Oxazolyl, benzimidazolyl, benzothiazolyl, benzocarbazolyl, benzothienyl, dibenzothiophenyl, benzofuranyl, phenanthroline (phenanthrinyl), iso>

Oxazolyl, thiadiazolyl, phenothiazinyl, dibenzofuranyl, and the like, but are not limited thereto.

In the present specification, the aryl groups in the aralkyl group, the aralkenyl group, the alkylaryl group, the arylamine group, and the arylsilyl group are the same as those exemplified for the aryl groups described above. In the present specification, the alkyl group in the aralkyl group, alkylaryl group, and alkylamino group is the same as the above-mentioned alkyl group. In this specification, the heteroaryl group in the heteroaryl amine may be as described above with respect to the heteroaryl group. In the present specification, the alkenyl group in the aralkenyl group is the same as the above-described examples of alkenyl groups. In this specification, arylene is a 2-valent group, and the above description of aryl can be applied in addition to this. In this specification, the heteroarylene group is a 2-valent group, and the above description of the heteroaryl group can be applied thereto. In this specification, the hydrocarbon ring is not a 1-valent group, but a combination of 2 substituents, and the above description of the aryl group or cycloalkyl group can be applied. In this specification, a heterocyclic ring is not a 1-valent group but a combination of 2 substituents, and the above description of heteroaryl groups can be applied thereto.

(Compound)

In another aspect, the present invention provides a compound represented by the above chemical formula 1.

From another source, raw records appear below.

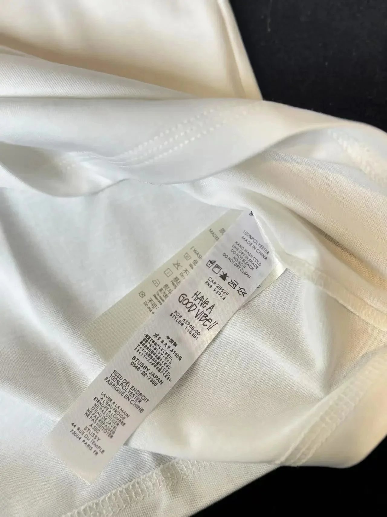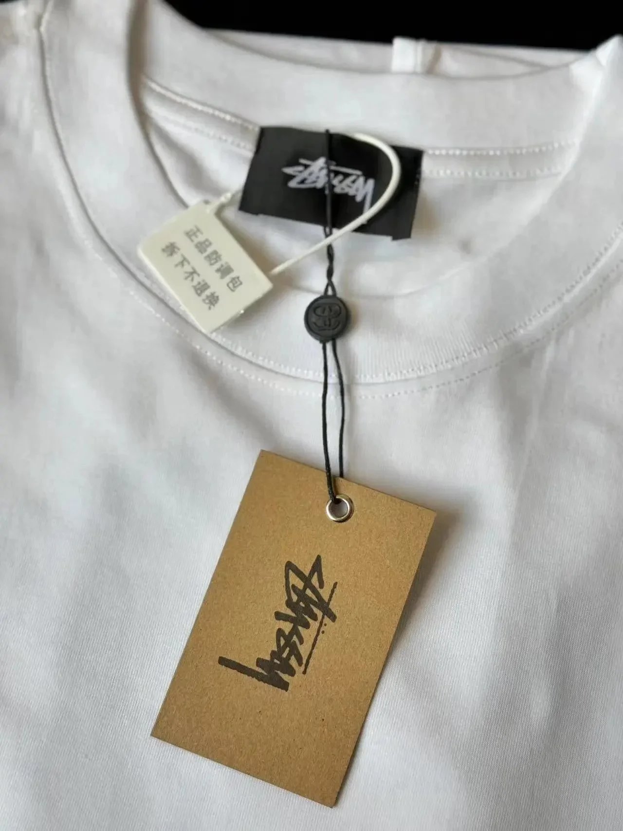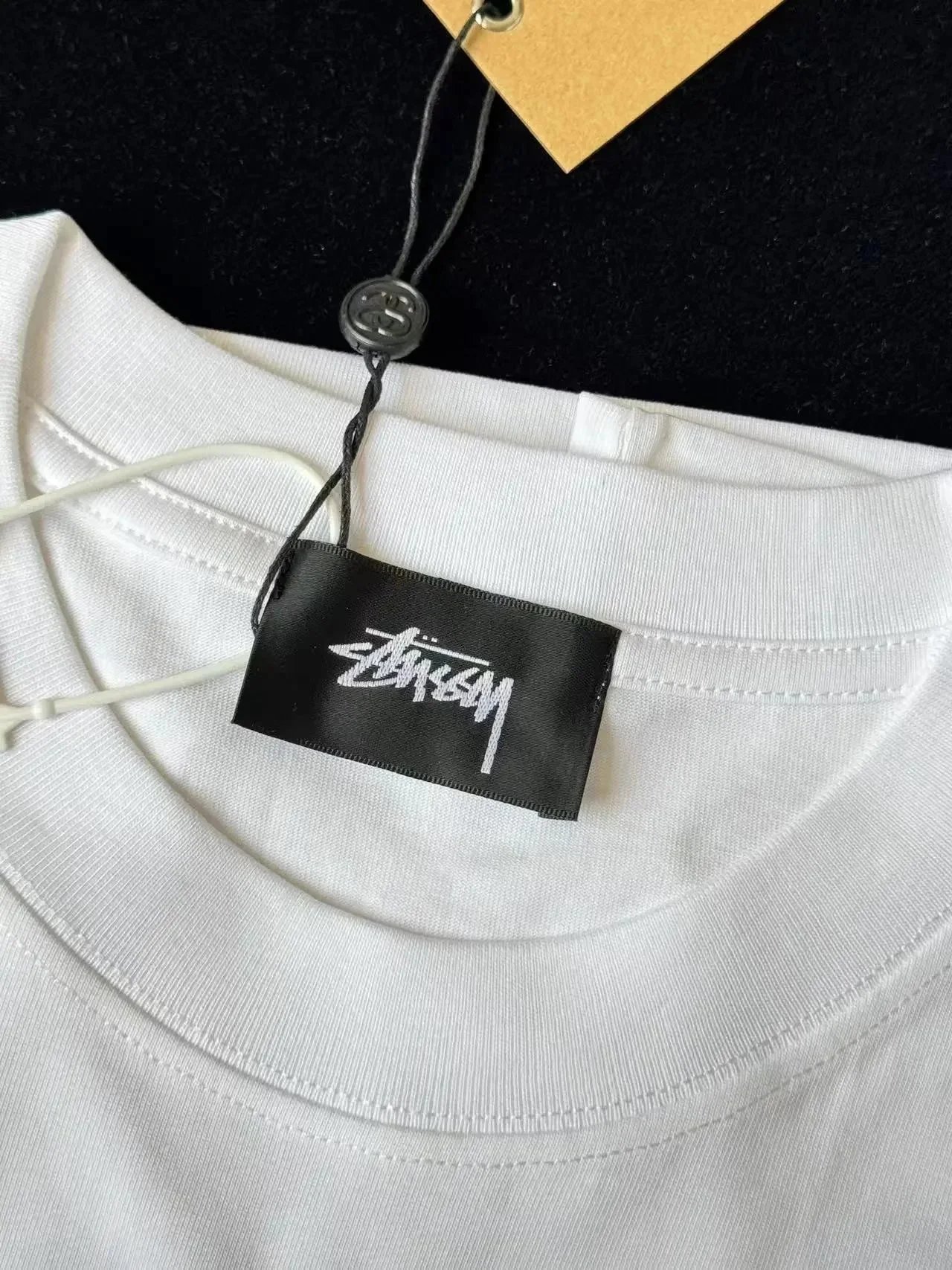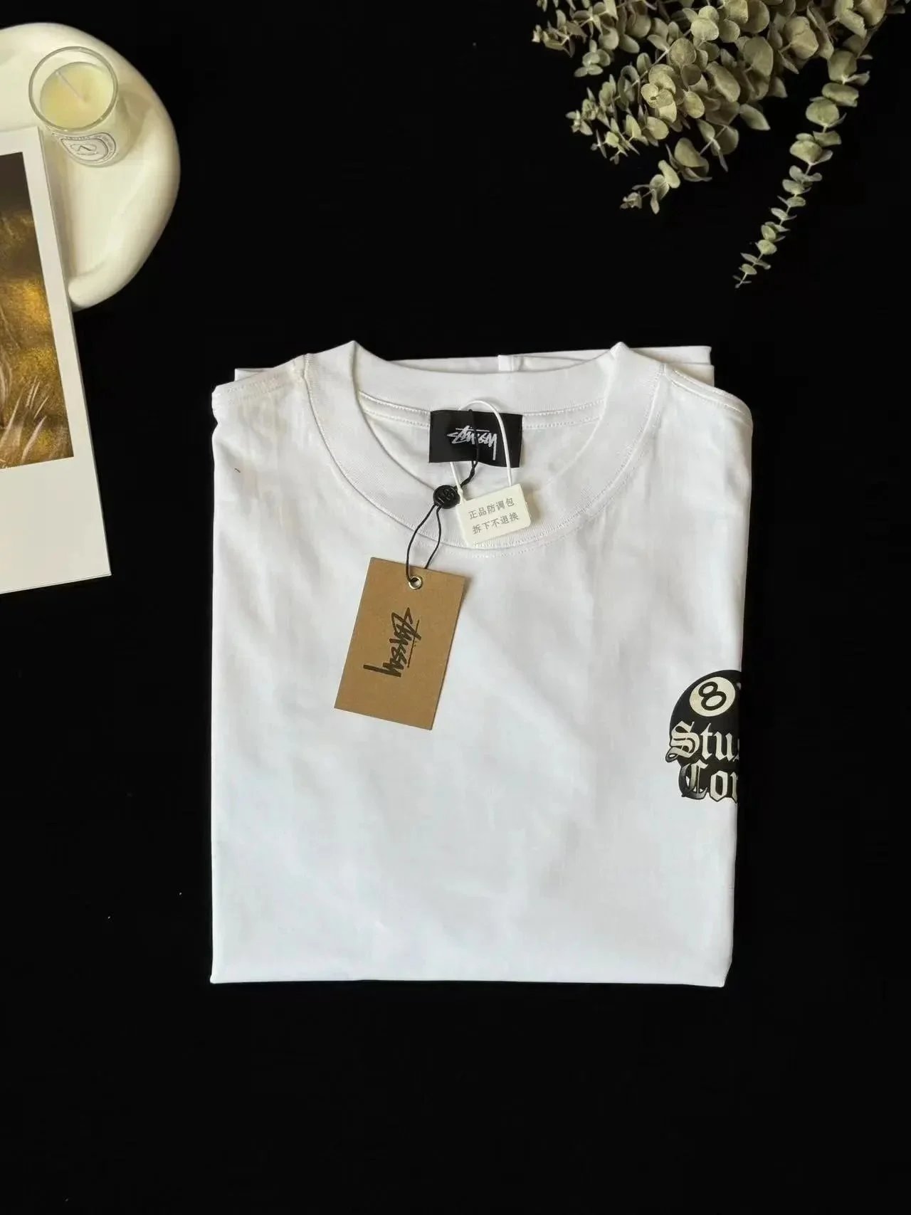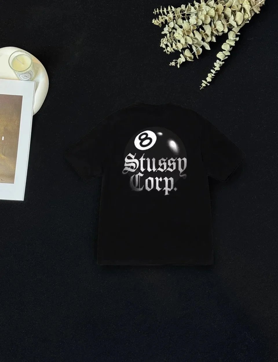 White Stussy Corp t-shirt featuring a bold black 8-ball graphic with vintage-style lettering. Ideal for streetwear enthusiasts seeking iconic branding and relaxed fit.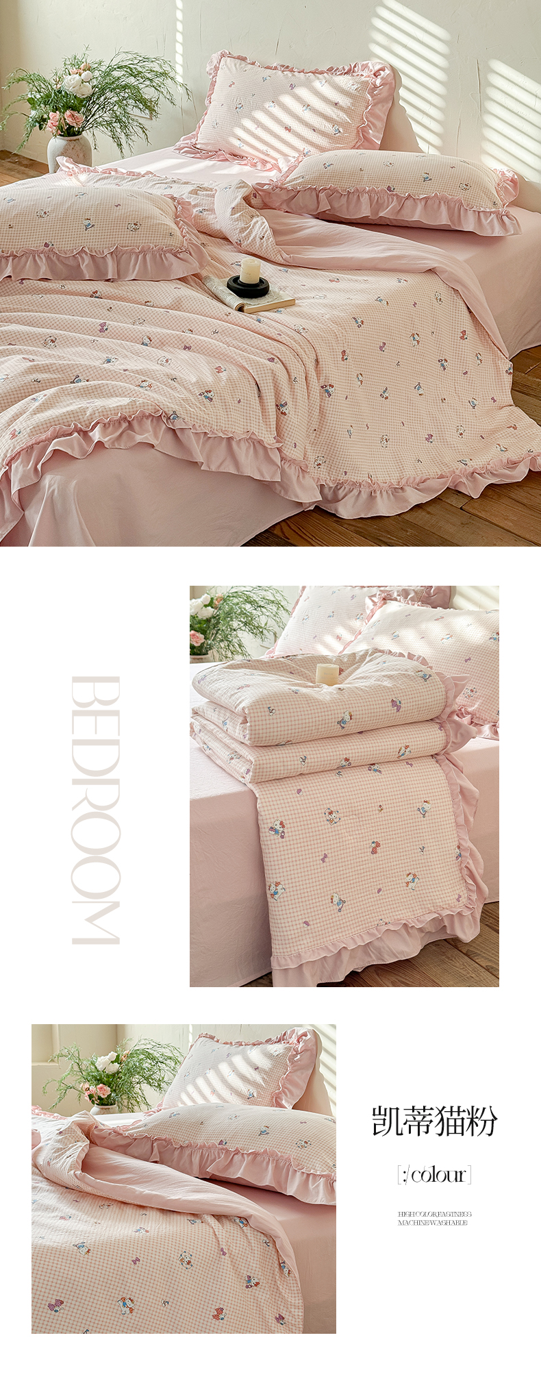 (总)迷尚家居 2026新款云朵棉印花花边夏被四件套,巴黎春天,车厘子,搞怪兔,格纹小熊,狗狗家族,蝴蝶结咖,简韵,凯蒂猫粉,凯蒂猫咖,南烟,七分甜,软萌兔蓝,甜桔,午后时光,惜花,线条猫,小柠檬,星星人,知否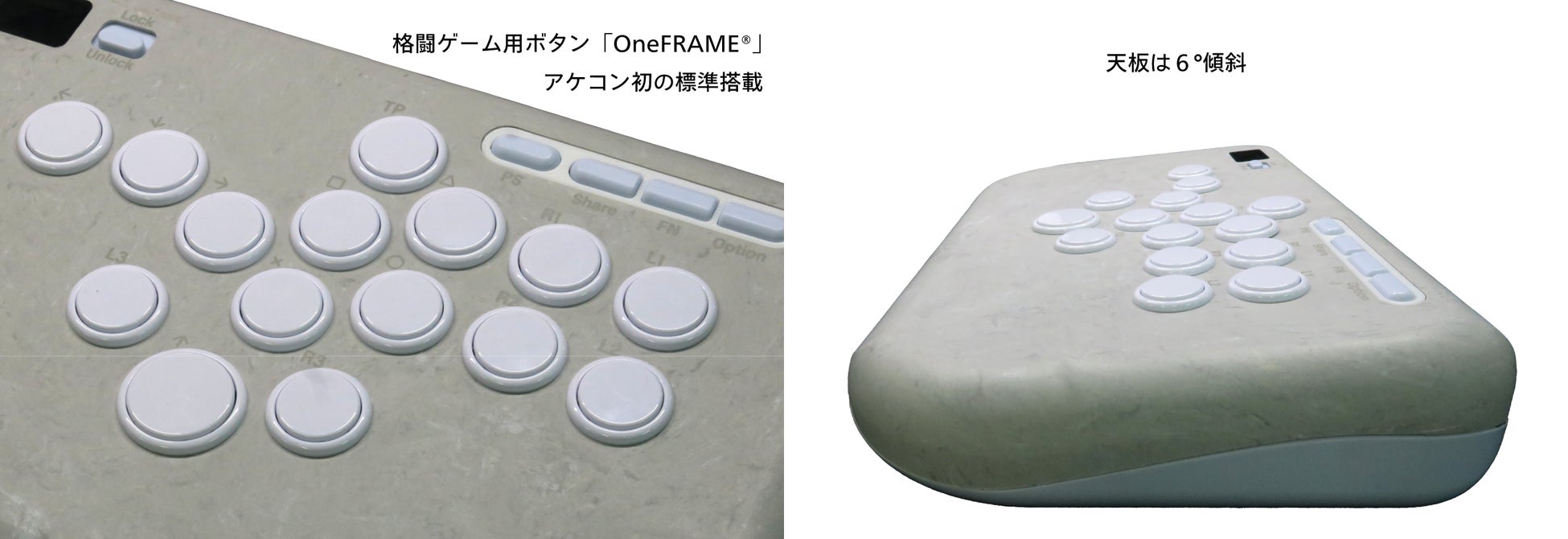 低ストロークの格闘ゲーム用ボタン「OneFRAME®」をアケコンとして初の標準搭載。有機ELディスプレイ、スライドスイッチ、ボタンロック機能や、天板6°傾斜構造により快適な操作を実現。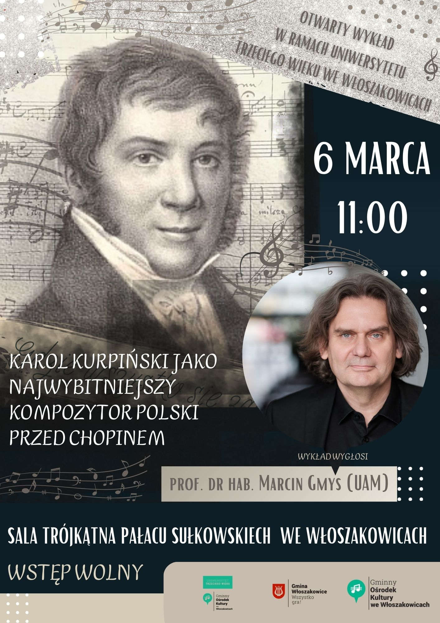 Gminny Ośrodek Kultury we Włoszakowicach zaprasza na otwarty wykład wybitnego muzykologa, prof. dr. hab. Marcina Gmysa z Uniwersytetu im. Adama Mickiewicza w Poznaniu. Spotkanie zatytułowane „Karol Kurpiński jako najwybitniejszy kompozytor polski przed Chopinem” odbędzie się 6 marca o godz. 11.00 w Sali Trójkątnej Pałacu Sułkowskich we Włoszakowicach. Wstęp na wydarzenie jest wolny.

Specifically, the compound represented by the above chemical formula 1 relates to a compound in which an N-containing six-membered heterocyclic substituent is bonded to a (1, 4-tetramethyl-1, 2,3, 4-tetrahydronaphthalene) core, and in this case, the N-containing six-membered heterocyclic substituent is substituted with at least one of carbon atoms of a benzene ring of the core.

The compound having such a structure has 1 or more N-containing six-membered heterocyclic substituents only in the benzene ring of the nucleus, thereby forming intramolecular polarization, and can have an improved dipole moment, maintain high thermal stability, and be very stable even at high vapor deposition temperatures. Thus, the organic light emitting device using the above compound can exhibit characteristics such as high efficiency, low driving voltage, and long lifetime, as compared with the conventional organic light emitting device.

In the above chemical formula 1, R may each independently be C _1-10 An alkyl group.

For example, each R independently can be methyl, ethyl, propyl, isopropyl, butyl, isobutyl, sec-butyl, or tert-butyl.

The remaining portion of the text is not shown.